Wally choked on a shard of cookie.

"So I threatened him," I added, nonchalant, as if I'd suggested he stop taking shortcuts on mission reports. "Told him I'd release swarms of insects and rats all over the Cave and the Hall of Justice if he didn't cut me a check. And if that failed, I'd tell Diana he was abusing his position and threatening to 'euthanize' me." I shrugged, like confessing to shoplifting a pack of gum.

The room froze—the kind of silence that only follows absurd honesty. M'gann blinked. Robin's pen hung suspended over his notebook. Even Aqualad's practical expression twitched at the corner.

Dinah reached over the table and pinched the bridge of my nose, half-scold, half-amused. "Really? You threatened rats? Dante… you're ridiculous."

"Ow! D—" I squealed theatrically. "But can you blame me? I'm a parasite. Desperate for money. Not greedy like some corrupt bastards. I prefer to cling to the rich. The League is filthy rich. It's basic survival economics."

Wally's face went four different shades of offended. "You—what? That's messed up. So Batman actually paid you?"

"I do get paid," I said, mouth curving into a smug grin. "Not in coins tossed at my feet like a circus dog. Discreet transfers, trust funds—Batman is a man of many… creative accounting methods. He hates it, but he hates paperwork more. Plus, Diana insists he reimburse discretionary expenses. So yeah. Sucks to be you, Wallace—because I get paid and you don't. Hehe."

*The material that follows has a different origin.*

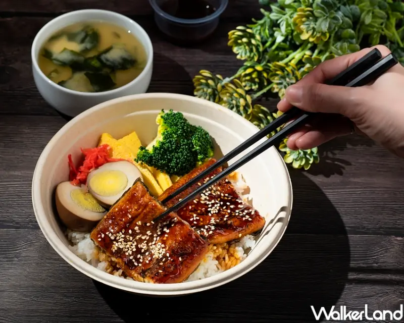 「燒烤台灣鰻魚丼飯佐味噌湯」主廚特別選用台灣優質鰻魚先細心處理魚刺,新鮮鰻魚沾上主廚特調醬汁後,炭烤至鰻魚表面滋滋作響,厚實肥美的鰻魚帶點炭烤香氣,鋪在彈牙美味的白米飯上,每一口米飯搭配著烤鰻魚的鮮甜醬汁一同入口,入口銷魂,幸福感難以言喻。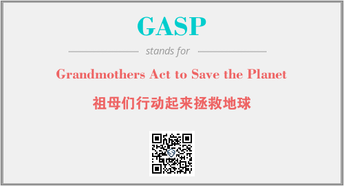 上述内容是“Grandmothers Act to Save the Planet”作为“GASP”的缩写,解释为“祖母们行动起来拯救地球”时的信息,以及英文缩略词GASP所代表的英文单词,其对应的中文拼音、详细解释以及在英文中的流行度和相关分类、应用领域及应用示例等。

"Wow," Wally said flatly, the betrayal of a thousand playgrounds in his voice. "You blackmail the Bat and then laugh about it over M'gann muffins?"

"I negotiate," I corrected. "And M'gann muffins are not to be joked about."

Dinah let out an exasperated laugh and rapped my knuckles with a napkin. "Listen up, little parasite: you don't 'threaten' the team, you don't extort the Watchtower, and you definitely don't make a habit of stirring the pot. If anyone ever finds out what you said, Batman will have you cleaning the sewers with a toothbrush."

"Worth it," I said with a grin so convincing it could have been a weapon. "Also—practical tip: if you ever want a stipend, learn to look like you need one less." I winked at Wally. "Less charm, more files. Or, you know, learn to be terrifyingly competent at a single thing. Works wonders."

Robin, who had been silent through the whole exchange, finally broke down laughing.